» **WORK REQUEST**: Only the lines in the entries below from the line with "照片六 3月22日 3月22日比利時、巴西及" to the line with "Au vu de la", both included, belong in the answer, transcribed exactly and without pictures.
(EXERCISE INPUTS begins)
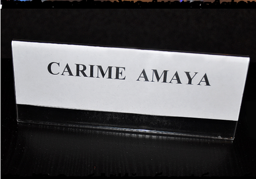
Кариме Амая, танцовщица из английской
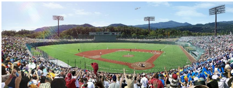
あづま球場人工芝化のイメージ
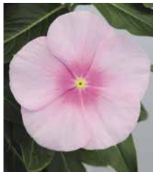
サンダー アイシーピンク
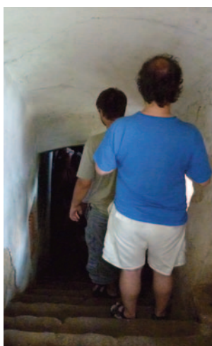
Obr. 32. XXXVIII. seminář – Mělník 2010: sestup do „posledního božičtě Černoboha“ na Skalsku.
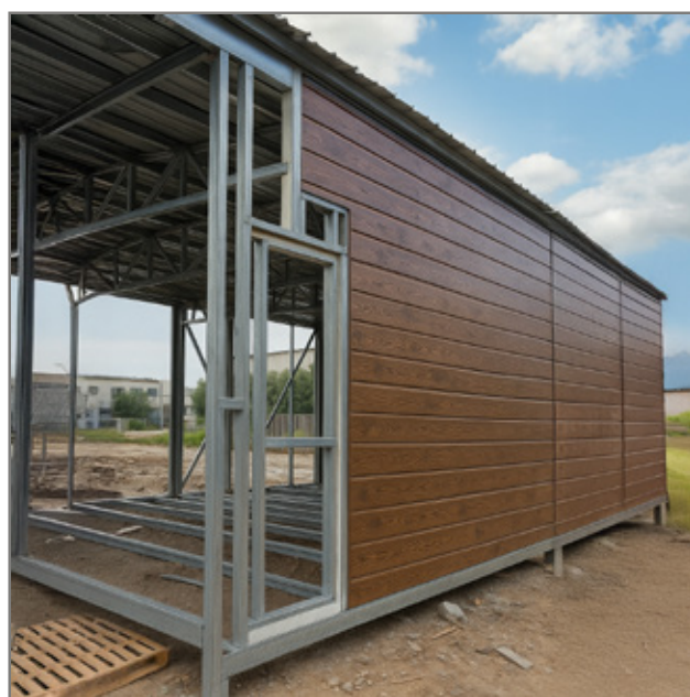
SOBRE ESTRUCTURAS METÁLICAS AUTOPORTANTES
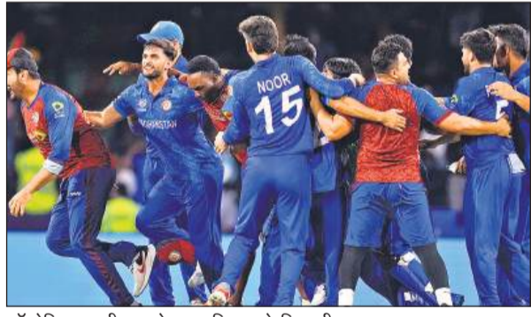
ऑस्ट्रेलिया पर जीत मनाते अफगानिस्तान के खिलाड़ी।
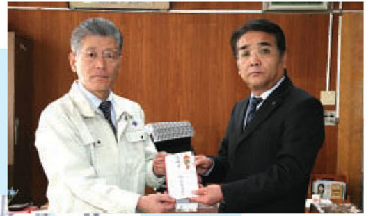
◀◀(社)全国旅行業協会では、富山県で行われたイベントで町の特産物の販売を行い、その売上げを寄付いただきました。イベントには町職員も参加し、町のPRを行いました
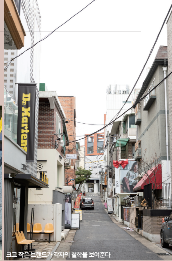
크고 작은 브랜드가 각자의 철학을 보여준다
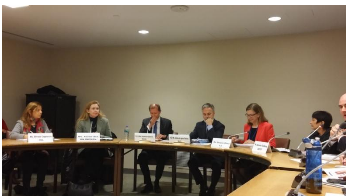
照片六 3月22日 3月22日比利時、巴西及 ILO 共同合辦「女性經濟賦權-談工作中的同質同酬」周邊會議
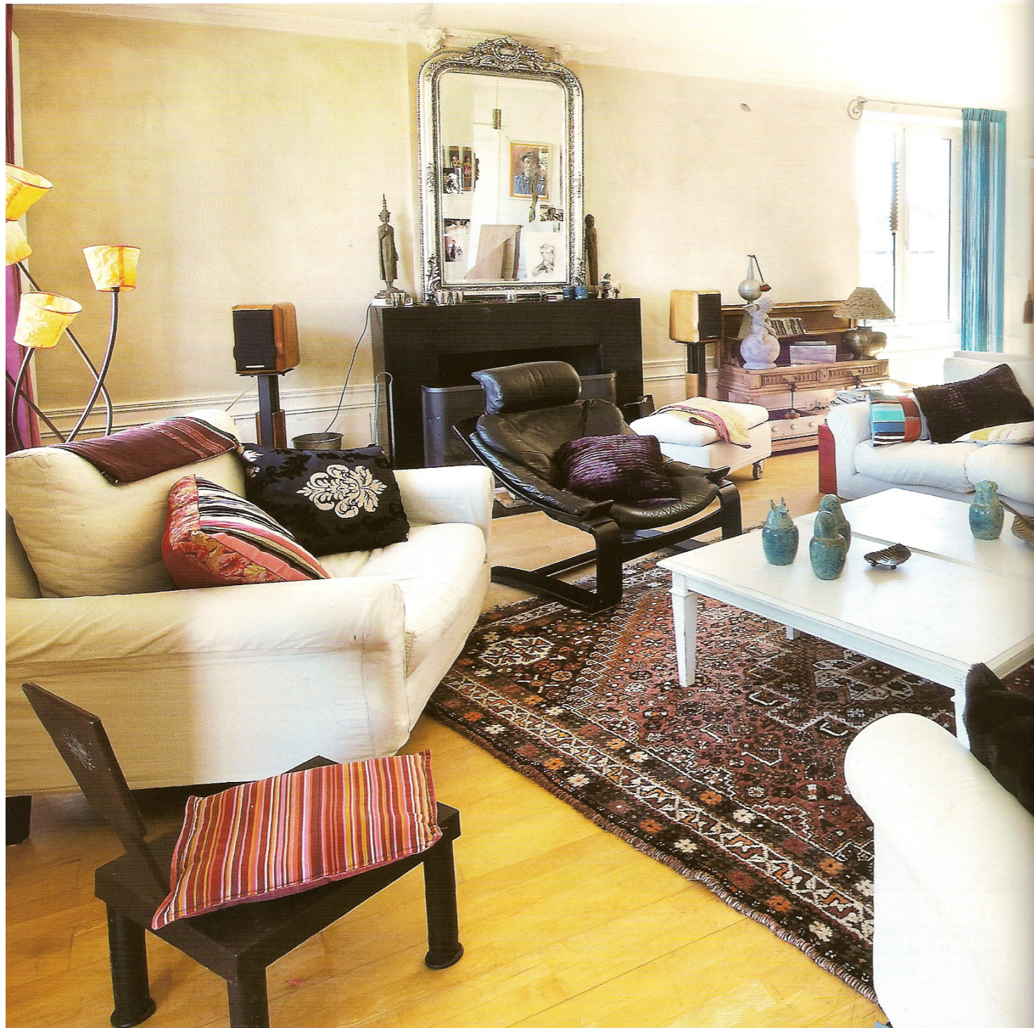
Ci-dessous fauteuil Rochebobois.

Au vu de la belle hauteur sous plafond (plus de sept mètres), l'atout d'un étage au-dessus du séjour s'est naturellement imposé. L'escalier blanc, accolé à une poutre maitresse qui a été sauvegardée, mène à une vaste mezzanine abritant les chambres des deux filles et la suite parentale. A l'étage aussi, la chaux est omniprésente, alliant jeux de couleurs (salle de bain ci contre d'une des filles, contraste de rouge et de vert) ou élégante sobriété (jaune pâle de la chambres des parents, photo en bas à droite).
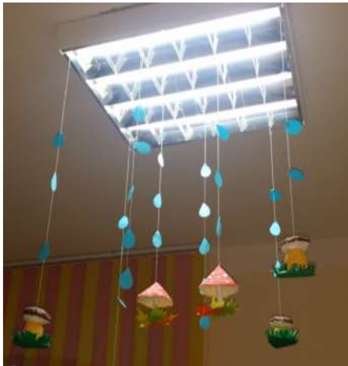
Календарь погоды, календарь природы
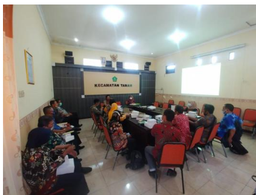
Gambar 3. Sosialisasi Aplikasi Sempel di Kecamatan Taman

Untuk mendukung pernyataan tersebut berikut ini merupakan dokumentasi saat pelaksanaan sosialisasi Aplikasi Sempel yang dilakukan oleh Dinas Pemberdayaan Masyarakat dan Desa.
(EXERCISE INPUTS ends)
» **TASK RESPONSE**:
照片六 3月22日 3月22日比利時、巴西及 ILO 共同合辦「女性經濟賦權-談工作中的同質同酬」周邊會議
Ci-dessous fauteuil Rochebobois.

Au vu de la belle hauteur sous plafond (plus de sept mètres), l'atout d'un étage au-dessus du séjour s'est naturellement imposé. L'escalier blanc, accolé à une poutre maitresse qui a été sauvegardée, mène à une vaste mezzanine abritant les chambres des deux filles et la suite parentale. A l'étage aussi, la chaux est omniprésente, alliant jeux de couleurs (salle de bain ci contre d'une des filles, contraste de rouge et de vert) ou élégante sobriété (jaune pâle de la chambres des parents, photo en bas à droite).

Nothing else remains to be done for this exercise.